FIG. 10—Sanger sequencing traces for a normal sample (top panel), tagged with source tag S18, and for a sample homozygous for cystic fibrosis mutation G542X (c.1624 G>T), tagged with source-tag S22, and for a pool comprising both source-tagged samples; the vertical highlights indicate the variable positions in the S18 and S22-tagged samples (top and second-from-top panel, respectively), and in the compound trace (bottom panel); the insert gives a magnified version of the boxed segment in the compound trace. NOTE that, because the origin of each trace, in capillary electrophoresis, is not fixed, the apparent shift between the top and second-from-top traces, recorded in different runs, is 6 nucleotides, rather than the actual 4, though corresponding peak patterns in the two traces are readily apparent.

DETAILED DESCRIPTION

The term “variable site of interest” is defined as a polymorphic site or SNP; or an insertion or deletion mutation.

The term “disambiguating” means resolving an ambiguity; which occurs if, based on the results in question, at least one sample in a particular pool cannot be identified as either normal or variant at a variable site of interest. Disambiguation encompasses any method of sequencing or genotyping or allele identification, including but not limited to using allele-specific primers.

The term “reaction steps” refers to steps involved in amplifying, labeling, or extending a primer, amplicon or oligonucleotide chain.

The present invention provides for the use of pooled Sanger sequencing as the first (“screening”) stage in allele profiling or sieving which may comprise a second (“disambiguation”) stage, as illustrated, for two samples, in FIG. 1. It also provides for the use of pooled Sanger sequencing, with specific source-tags and labeling primers, for disambiguation.

In a first embodiment, the present invention provides for combining two or more amplicons in a Sanger labeling (aka “cycle sequencing”) reaction using differentially fluorescently labeled dideoxy-nucleotides, and subsequent analysis of these pooled labeled products, preferably by capillary electrophoresis. As with standard Sanger sequencing, a single (contiguous) sequence (typically comprising a single exon) is analyzed.
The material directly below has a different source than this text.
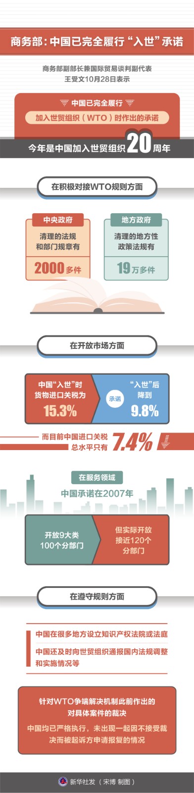 商務(wù)部副部長兼國際貿(mào)易談判副代表王受文10月28日表示,中國已完全履行加入世貿(mào)組織(WTO)時作出的承諾,WTO幾任總干事及大部分WTO成員都對此給予充分肯定和普遍認(rèn)可。

As with allele profiling and nucleic acid sieving, samples that contain at least one variant allele in one or more (known or unknown) position in the sequence, generally will introduce an ambiguity associated with two or more superimposed peaks at variable positions in the sequence.

However, contrary to the general practice of discarding as contaminated “double sequence” data (see “DNA Sequencing Troubleshooting Guide” by Eurofins Genomics, available on its website; “DNA SEQUENCING SANGER: TECHNICALS SOLUTIONS GUIDE” by Secugen, available on its website) the superimposed sequence traces generated by pooled samples may be decoded, so as to achieve disambiguation, as elaborated herein.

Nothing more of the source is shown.